◆ EXERCISE BRIEF: Because the copy must hold no pictures, return the data below with all of its words intact.

◆ TASK INPUT:
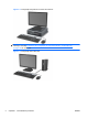 Figura 1-3 Configuraţia computerului cu factor de formă mic NOTĂ: Computerul cu factor de formă mic poate fi utilizat şi în configuraţie turn. Pentru mai multe informaţii, consultaţi Schimbarea din configuraţie de computer de birou în configuraţie turn, la pagina 99 din acest ghid.
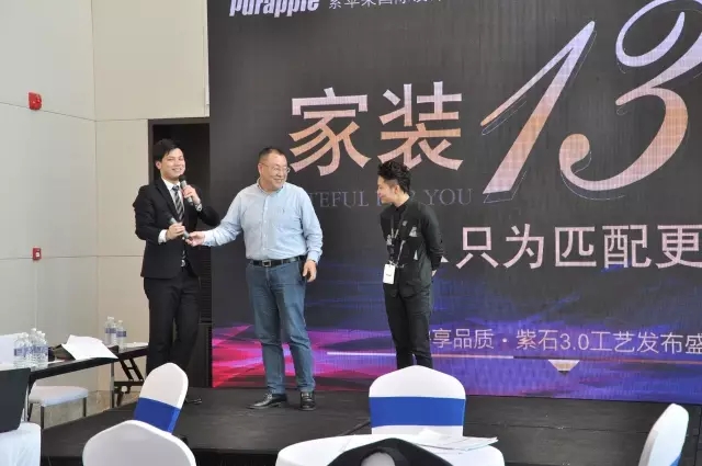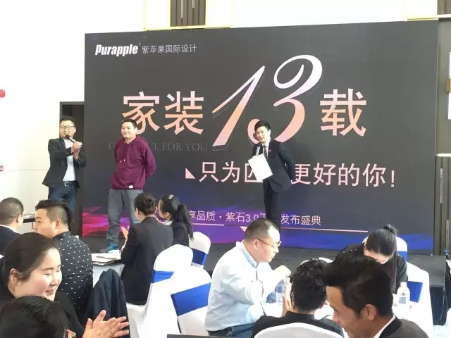 紫苹果周年庆典,装修设计,施工大让利,直享紫苹果合作的品牌材料商主材特供价。业主纷纷下定订单,设计师和客户一起上台致词。
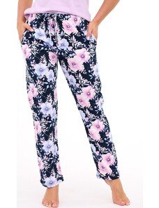 Tmavomodré dámske pyžamové nohavice s kvetinami Cornette 690/48 S-2XL damskie
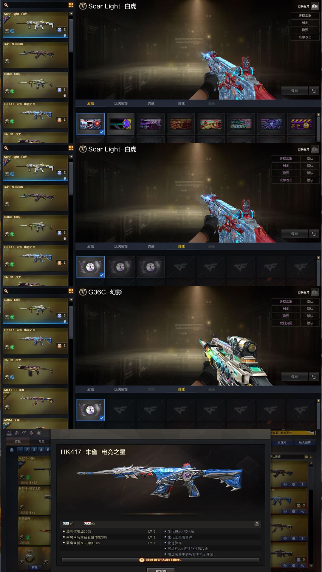 幻神KZ冠军薇特刃✨炽芒蝶刃G36幻影带卡✨裁决三件套白虎拼搏✨10音效卡全赛事皮✨满副手全道具
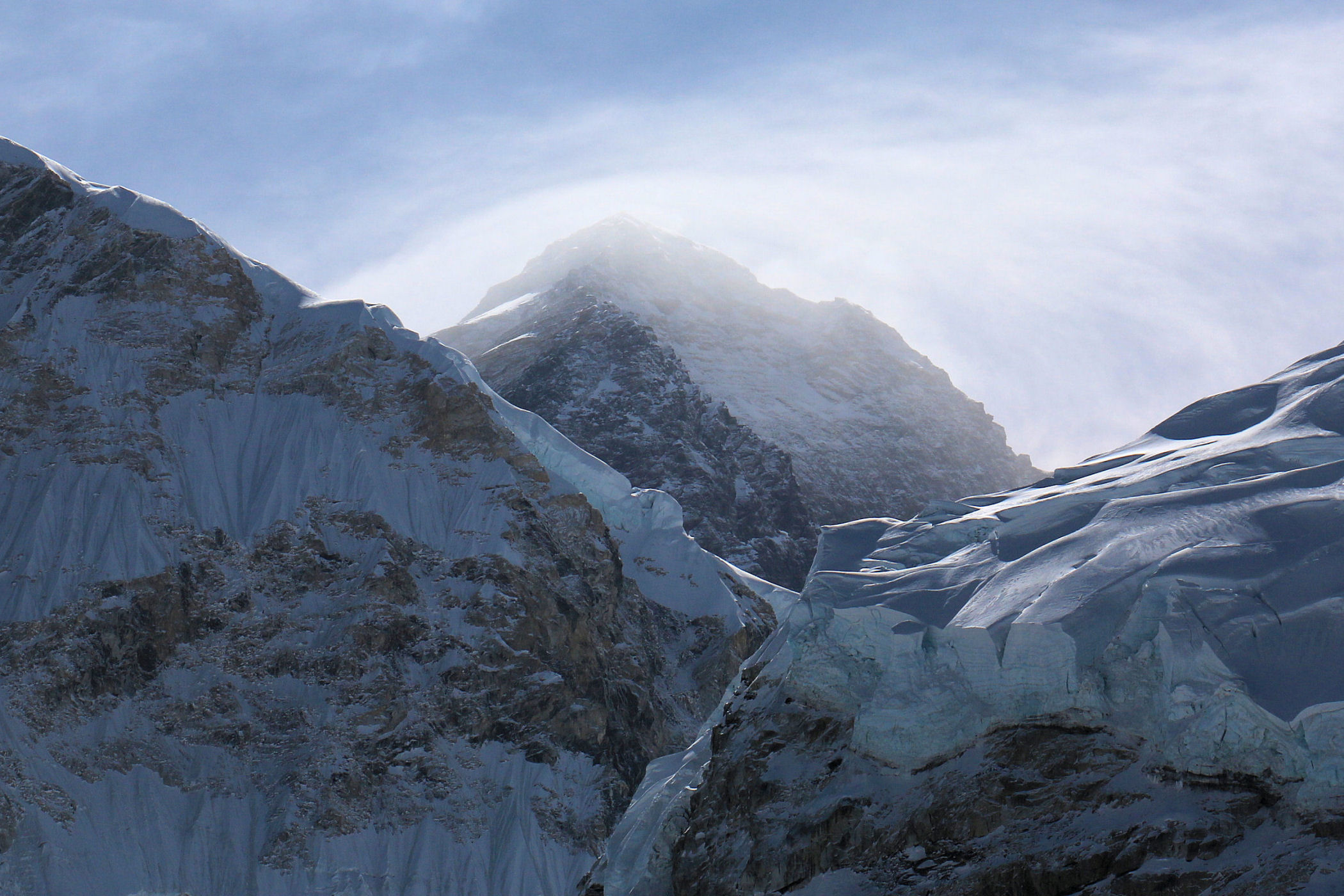 Poranek po tej zimnej nocy wita nas obłędną aurą, ( teraz żałuje jeszcze bardziej, że nie ma mnie z rodziną ). Ekipa zjada bardzo wczesne śniadanie w bazie i szybko pakuje się do zejścia. Oto kilka zdjęć z EBC skąpanego w porannym słońcu:
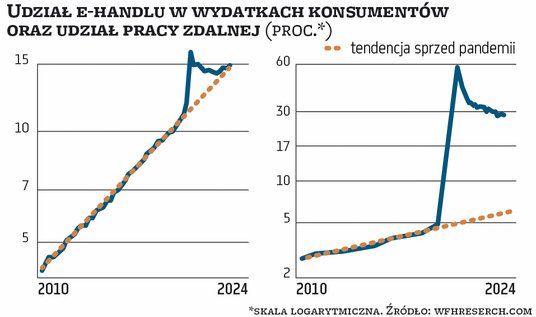 Na koniec skutkom pandemii przyjrzyjmy się w nieco szerszym kontekście. Jak zauważa Piotr Żółkiewicz z Zolkiewicz & Partners, po zawirowaniach z ostatnich lat do przedpandemicznej tendencji powrócił e-handel w USA. Jego udział w krajowym handlu detalicznym sięgnął 15 proc. i nadal rośnie, co potwierdzają widoczne w raportach kwartalnych dynamiki przychodów takich gigantów jak Amazon czy Paypal. Powrotu do dawnych tendencji nie widać jednak w przypadku pracy z domu.
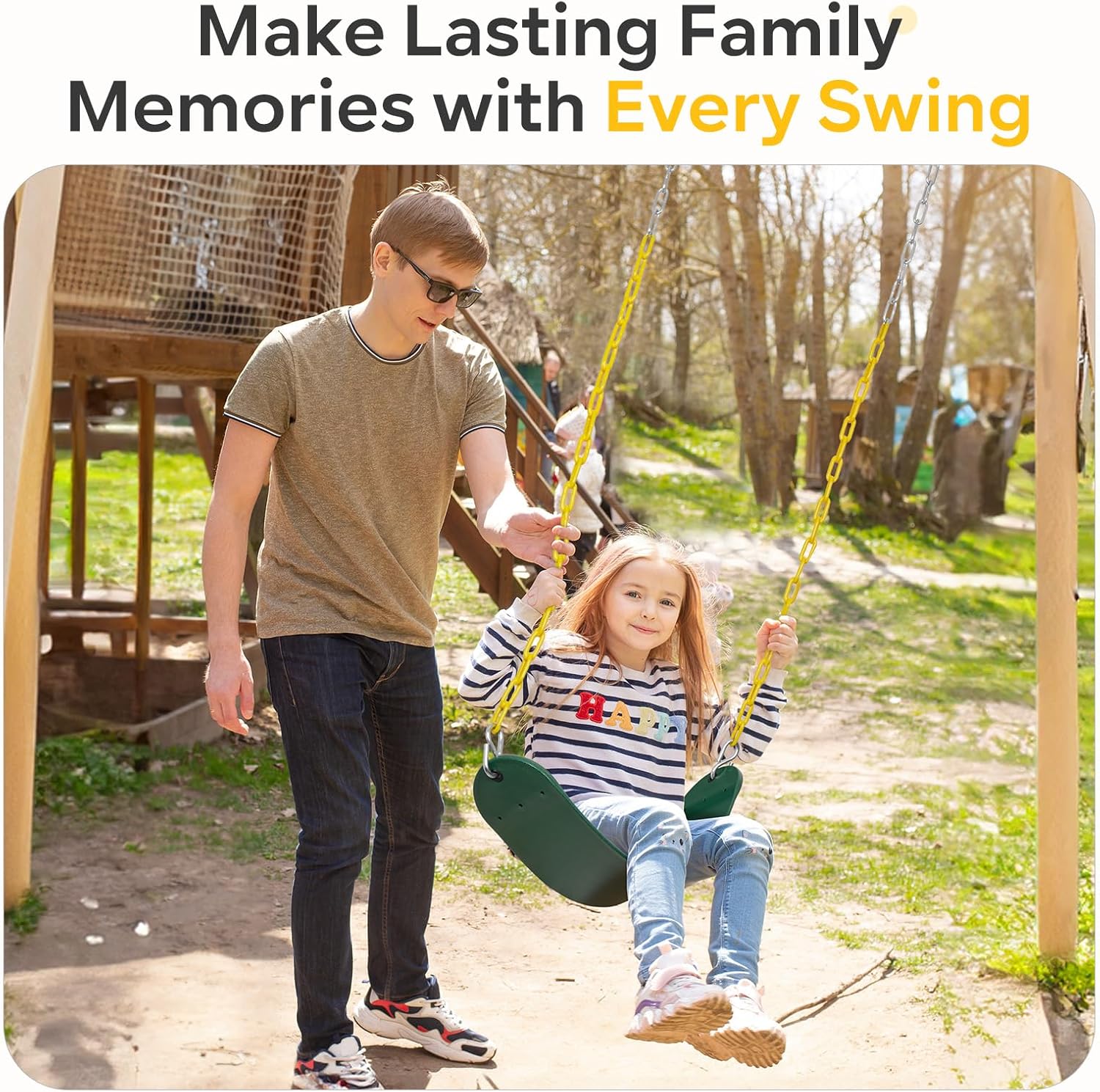 Decorlife Outdoor Swings Seats with 66" Rust-Resistant Heavy Duty Chain, Playground Swing Set Accessories Replacement Anti-Slip Seats, Backyard Swing Support 330lb for Kids or Adults (Green)
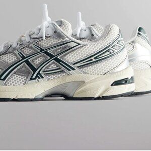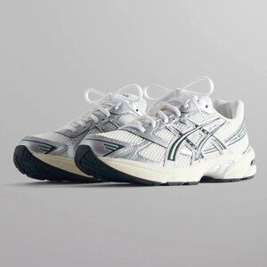 The Kith for ASICS GEL-1130™ is crafted with a synthetic leather and mesh upper, with a padded collar, mesh lining, and the classic ASICS formstripe on the side panels. It features gel branding on the rear, a SpEVA and AHARPLUS, visible gel midsole, and rubber outsole, and is complete with ASICS logo branding on the tongue.
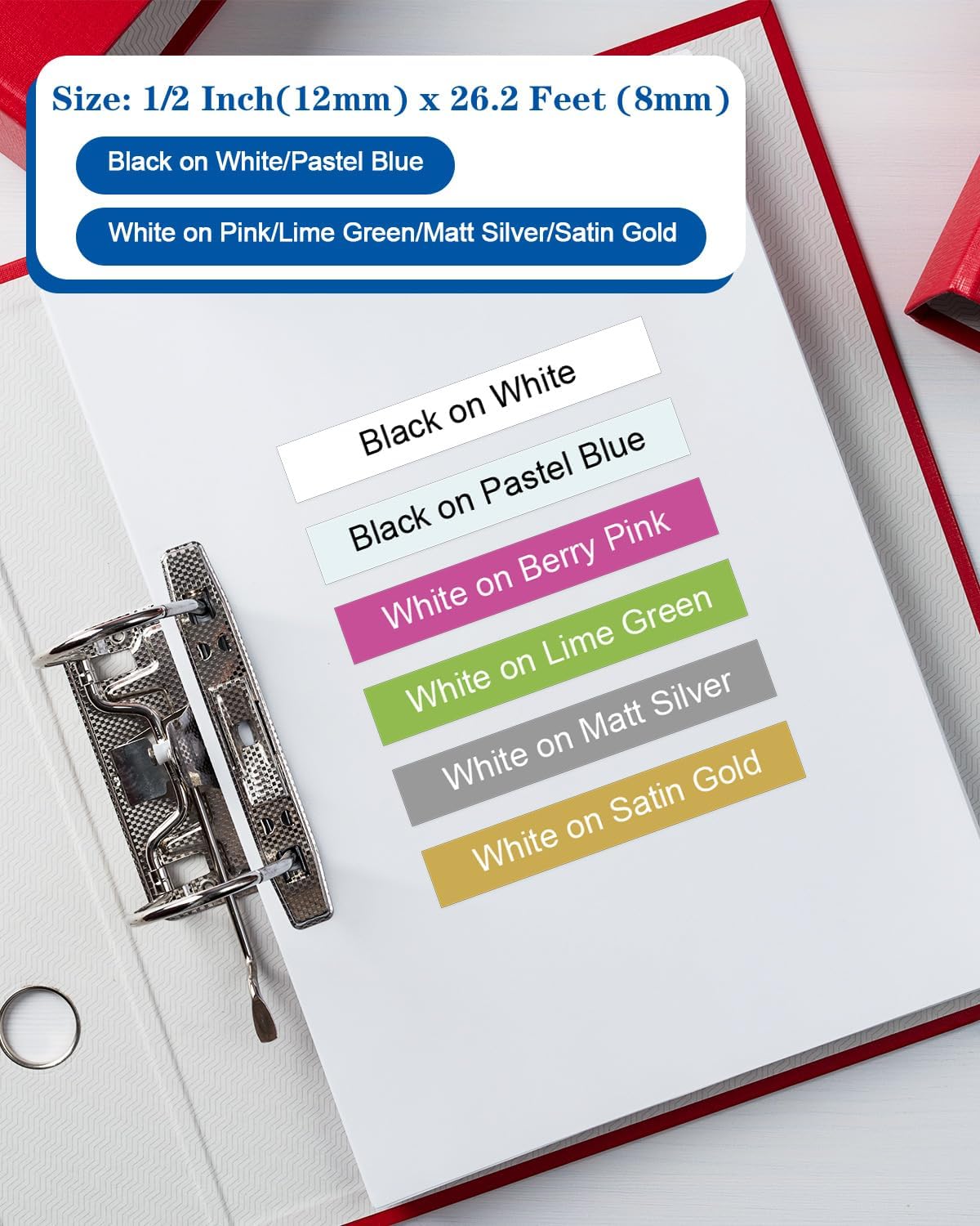 • Package Information: 6-Pack compatible for brother p touch label tape TZe TZ tape 12mm 0.47 laminated colored, Size: 12mm (1/2'') x 8m (26.2 feet) per label tape
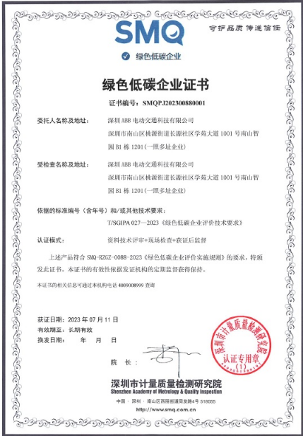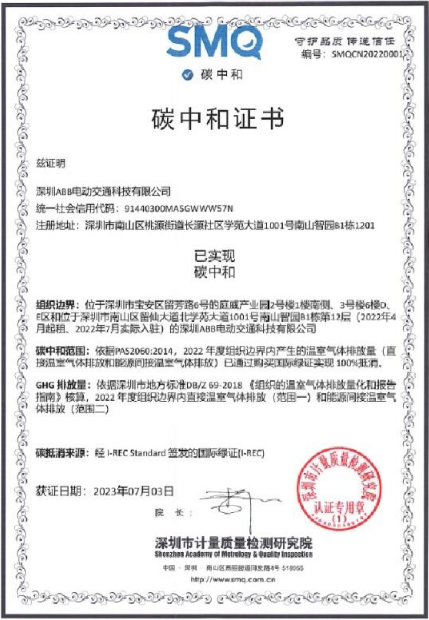 Recently, Shenzhen ABB Electric Transportation Technology Co., Ltd. was awarded the “Carbon Neutrality Certificate” and “Green and Low Carbon Enterprise Certificate” by the Shenzhen Institute of Metrology and Quality Testing, fully demonstrating its mission to actively respond to climate change, fulfill corporate social responsibility, and empower it to achieve a zero emission future through its own actions.
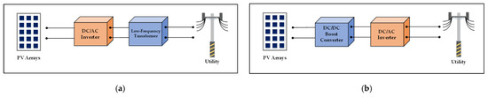 The structures of PV grid-connected power systems with (a) a low-frequency transformer; (b) a boost converter.
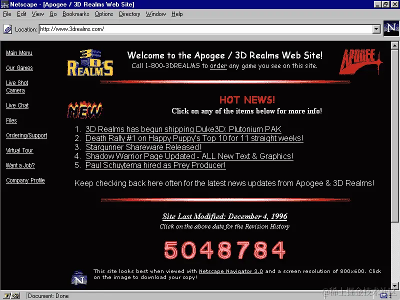我们可以在 1996 年 3drealms 的网站中看到这一点,它展示了设计师们用来添加到他们的网站中的所有花哨的元素:
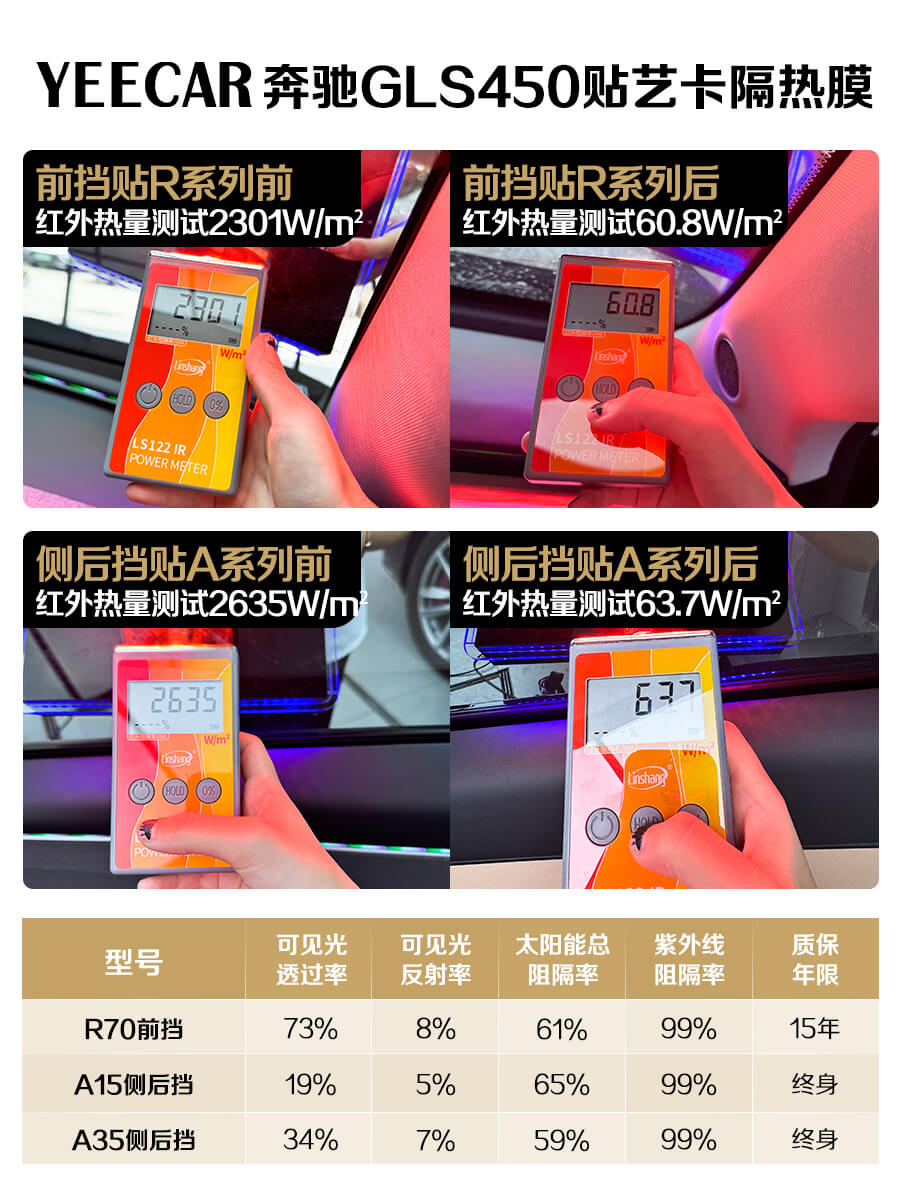 由上述实测图片中可以看出,艺卡隔热膜大大降低了车内的红外线,成功阻隔了太阳中的大量热量。A80+A15/35、R70+A15/35和S75+A15/35均是YEECAR艺卡旗下热门的全车隔热膜系列,隔热性能非常强劲,深受广大车主的喜爱。

◆ EXPECTED ANSWER:
 Figura 1-3 Configuraţia computerului cu factor de formă mic NOTĂ: Computerul cu factor de formă mic poate fi utilizat şi în configuraţie turn. Pentru mai multe informaţii, consultaţi Schimbarea din configuraţie de computer de birou în configuraţie turn, la pagina 99 din acest ghid.
 紫苹果周年庆典,装修设计,施工大让利,直享紫苹果合作的品牌材料商主材特供价。业主纷纷下定订单,设计师和客户一起上台致词。
 Tmavomodré dámske pyžamové nohavice s kvetinami Cornette 690/48 S-2XL damskie
 幻神KZ冠军薇特刃✨炽芒蝶刃G36幻影带卡✨裁决三件套白虎拼搏✨10音效卡全赛事皮✨满副手全道具
 Poranek po tej zimnej nocy wita nas obłędną aurą, ( teraz żałuje jeszcze bardziej, że nie ma mnie z rodziną ). Ekipa zjada bardzo wczesne śniadanie w bazie i szybko pakuje się do zejścia. Oto kilka zdjęć z EBC skąpanego w porannym słońcu:
 Na koniec skutkom pandemii przyjrzyjmy się w nieco szerszym kontekście. Jak zauważa Piotr Żółkiewicz z Zolkiewicz & Partners, po zawirowaniach z ostatnich lat do przedpandemicznej tendencji powrócił e-handel w USA. Jego udział w krajowym handlu detalicznym sięgnął 15 proc. i nadal rośnie, co potwierdzają widoczne w raportach kwartalnych dynamiki przychodów takich gigantów jak Amazon czy Paypal. Powrotu do dawnych tendencji nie widać jednak w przypadku pracy z domu.
 Decorlife Outdoor Swings Seats with 66" Rust-Resistant Heavy Duty Chain, Playground Swing Set Accessories Replacement Anti-Slip Seats, Backyard Swing Support 330lb for Kids or Adults (Green)
 The Kith for ASICS GEL-1130™ is crafted with a synthetic leather and mesh upper, with a padded collar, mesh lining, and the classic ASICS formstripe on the side panels. It features gel branding on the rear, a SpEVA and AHARPLUS, visible gel midsole, and rubber outsole, and is complete with ASICS logo branding on the tongue.
 • Package Information: 6-Pack compatible for brother p touch label tape TZe TZ tape 12mm 0.47 laminated colored, Size: 12mm (1/2'') x 8m (26.2 feet) per label tape
 Recently, Shenzhen ABB Electric Transportation Technology Co., Ltd. was awarded the “Carbon Neutrality Certificate” and “Green and Low Carbon Enterprise Certificate” by the Shenzhen Institute of Metrology and Quality Testing, fully demonstrating its mission to actively respond to climate change, fulfill corporate social responsibility, and empower it to achieve a zero emission future through its own actions.
 The structures of PV grid-connected power systems with (a) a low-frequency transformer; (b) a boost converter.
我们可以在 1996 年 3drealms 的网站中看到这一点,它展示了设计师们用来添加到他们的网站中的所有花哨的元素:
 由上述实测图片中可以看出,艺卡隔热膜大大降低了车内的红外线,成功阻隔了太阳中的大量热量。A80+A15/35、R70+A15/35和S75+A15/35均是YEECAR艺卡旗下热门的全车隔热膜系列,隔热性能非常强劲,深受广大车主的喜爱。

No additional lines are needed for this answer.